■ EXERCISE BRIEF
If you see a picture in the data below, omit it and copy the rest exactly.

======== SOURCE DATA ========

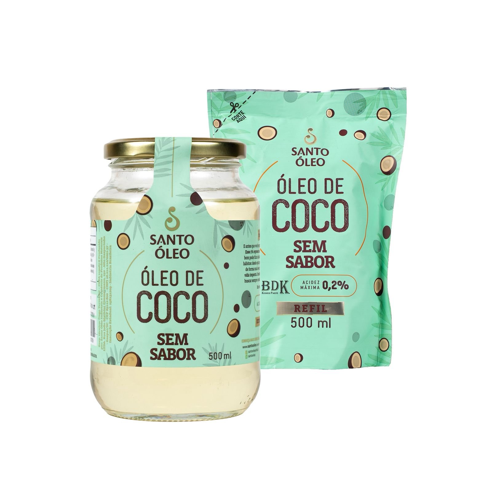 Kit Óleo de Coco 500ml Sem Sabor + Refil 500ml
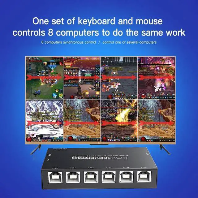 • 6 Ports USB KVM Switch USB Synchronizer KVM Switcher for Windows10 PC Keyboard Mouse Printer Synchronization Controller
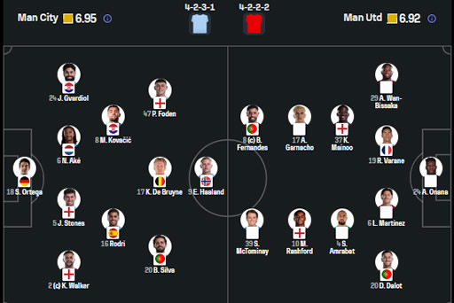 - Mstari wa kwanza wa uzuiaji wa United ulikuwa na watu wanne, kati Haaland & Cherki na pembeni Dorku & Semenyo huku nyuma tao kukiwa na viungo wawili Rodri na Bernado
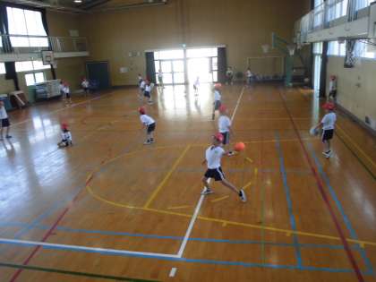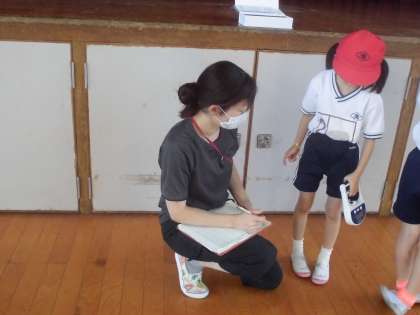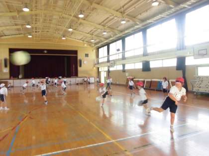 2年生はスポーツテストで握力を測定しました。歯を食いしばって力を入れていました。ドッジボールの投げ方を練習し、正確にボールを投げたり受けたりしていました。
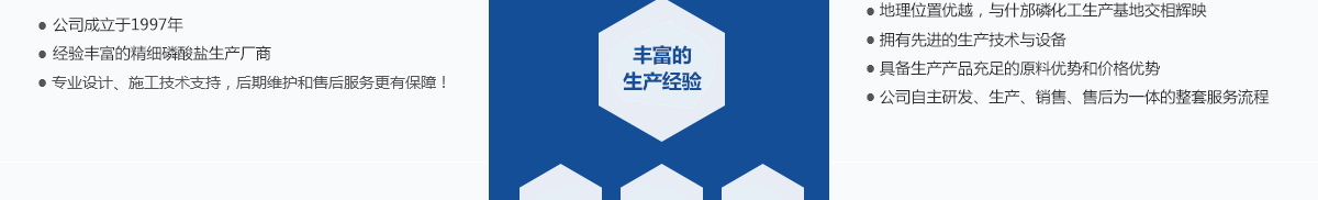 本公司位于四川省綿竹市漢旺鎮(zhèn),是自1997年成立以來至今,已發(fā)展成為四川生產(chǎn)經(jīng)驗(yàn)豐富的精細(xì)磷酸鹽系列產(chǎn)品專業(yè)生產(chǎn)廠家,地理位置優(yōu)越,毗鄰四川新市和拱星工業(yè)園區(qū),與什邡磷化工生產(chǎn)基地交相輝映。主要生產(chǎn)產(chǎn)品有:磷酸二氫鉀、酸式磷酸鉀、磷酸氫二鉀、磷酸脲、磷酸二氫鈉、磷酸氫二鈉、磷酸三鈉、磷酸二氫銨、磷酸氫二銨等系列磷酸鹽產(chǎn)品。
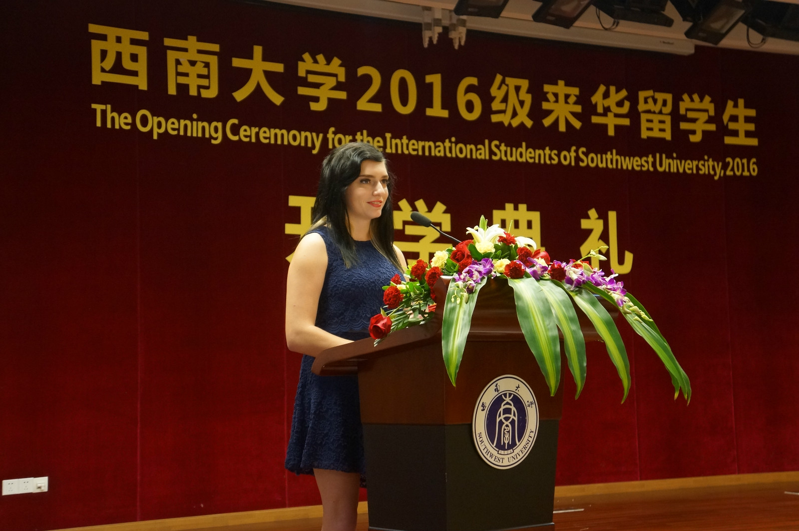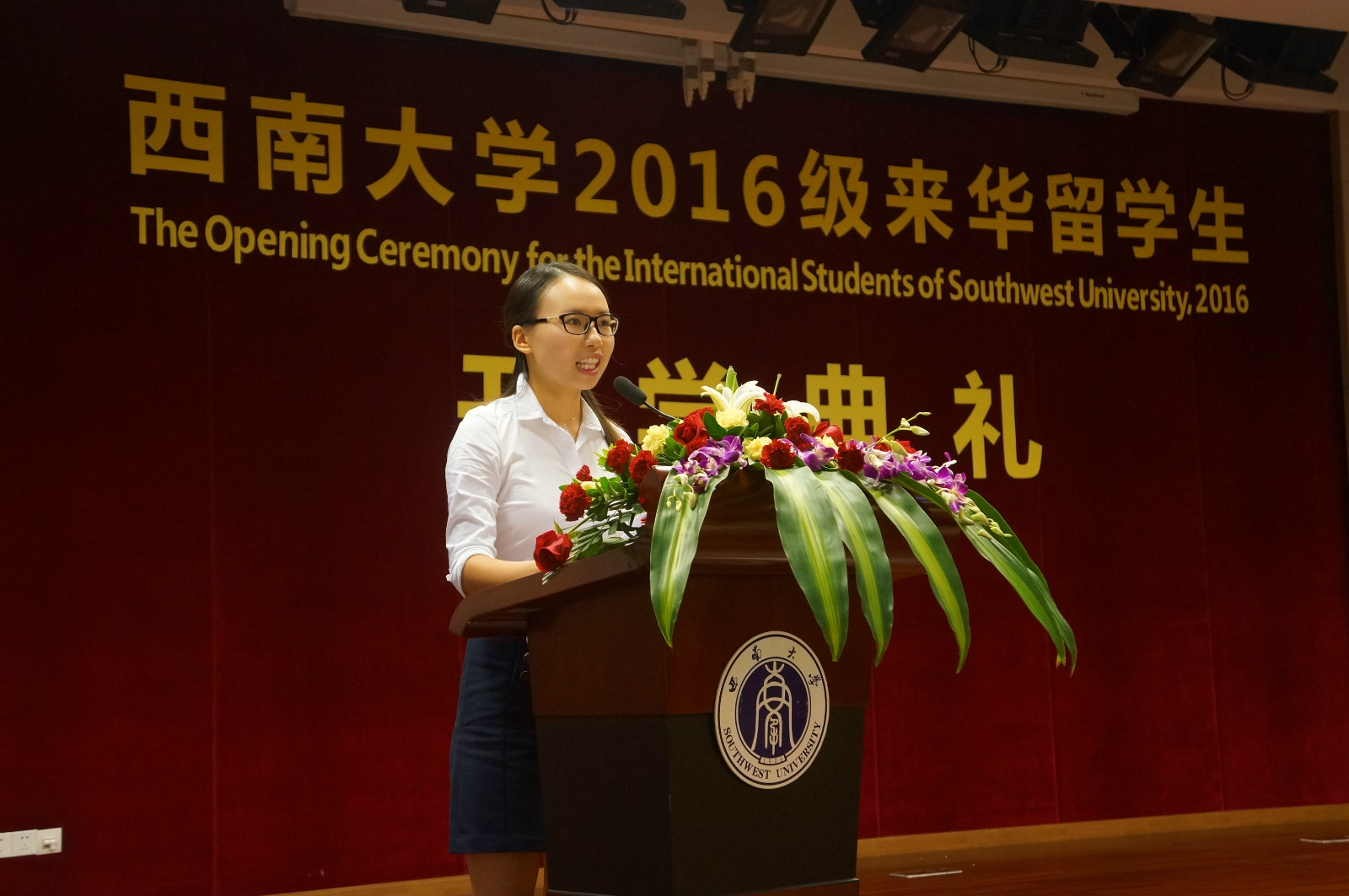 公司师生代表也陆续发言。教师代表刘欢欢对新生提出了希望:第一,学好专业知识;第二,充实课余生活;第三,把握方向,持之以恒。来自坦桑尼亚的职工阿普杜代表职工会作了发言。他介绍了职工会的主要成员,并温情承诺大家,西大的职工都是一家人,永远会有彼此的陪伴。新生代表、来自加拿大的吴吉莉表示,感谢中国政府为他们提供的奖学金,他们会珍惜机会努力学习。
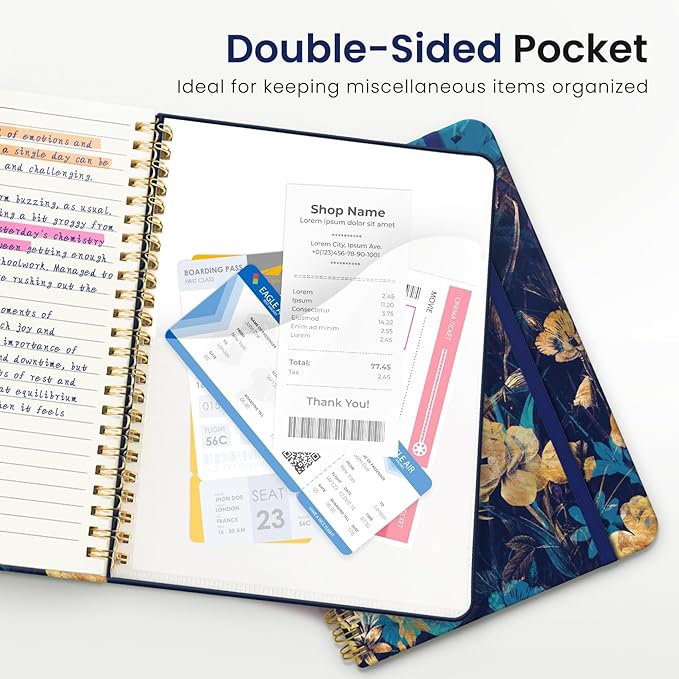 - Streamlined and Practical Design: Featuring 140 lined pages and a 6-page blank table of contents, our notebook provides generous room for note-taking and effortless referencing. An inner pocket safeguards miscellaneous items, while an elastic closure band ensures the notebook remains securely closed when not in use.
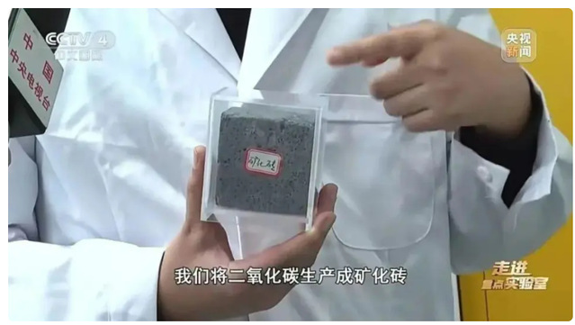 天府永兴实验室二氧化碳资源化利用研究中心副主任表示:“这个是我们和四川大学共同开发的二氧化碳矿化技术,我们利用粉煤灰脱硫渣等与二氧化碳反应,生产绿色建材。我们将二氧化碳生产成矿化砖,这样就给二氧化碳的利用找到了一个有经济效益的方式。”

========

■ OUTPUT FOR THIS TASK
 Kit Óleo de Coco 500ml Sem Sabor + Refil 500ml
 • 6 Ports USB KVM Switch USB Synchronizer KVM Switcher for Windows10 PC Keyboard Mouse Printer Synchronization Controller
 - Mstari wa kwanza wa uzuiaji wa United ulikuwa na watu wanne, kati Haaland & Cherki na pembeni Dorku & Semenyo huku nyuma tao kukiwa na viungo wawili Rodri na Bernado
 2年生はスポーツテストで握力を測定しました。歯を食いしばって力を入れていました。ドッジボールの投げ方を練習し、正確にボールを投げたり受けたりしていました。
 本公司位于四川省綿竹市漢旺鎮(zhèn),是自1997年成立以來至今,已發(fā)展成為四川生產(chǎn)經(jīng)驗(yàn)豐富的精細(xì)磷酸鹽系列產(chǎn)品專業(yè)生產(chǎn)廠家,地理位置優(yōu)越,毗鄰四川新市和拱星工業(yè)園區(qū),與什邡磷化工生產(chǎn)基地交相輝映。主要生產(chǎn)產(chǎn)品有:磷酸二氫鉀、酸式磷酸鉀、磷酸氫二鉀、磷酸脲、磷酸二氫鈉、磷酸氫二鈉、磷酸三鈉、磷酸二氫銨、磷酸氫二銨等系列磷酸鹽產(chǎn)品。
 公司师生代表也陆续发言。教师代表刘欢欢对新生提出了希望:第一,学好专业知识;第二,充实课余生活;第三,把握方向,持之以恒。来自坦桑尼亚的职工阿普杜代表职工会作了发言。他介绍了职工会的主要成员,并温情承诺大家,西大的职工都是一家人,永远会有彼此的陪伴。新生代表、来自加拿大的吴吉莉表示,感谢中国政府为他们提供的奖学金,他们会珍惜机会努力学习。
 - Streamlined and Practical Design: Featuring 140 lined pages and a 6-page blank table of contents, our notebook provides generous room for note-taking and effortless referencing. An inner pocket safeguards miscellaneous items, while an elastic closure band ensures the notebook remains securely closed when not in use.
 天府永兴实验室二氧化碳资源化利用研究中心副主任表示:“这个是我们和四川大学共同开发的二氧化碳矿化技术,我们利用粉煤灰脱硫渣等与二氧化碳反应,生产绿色建材。我们将二氧化碳生产成矿化砖,这样就给二氧化碳的利用找到了一个有经济效益的方式。”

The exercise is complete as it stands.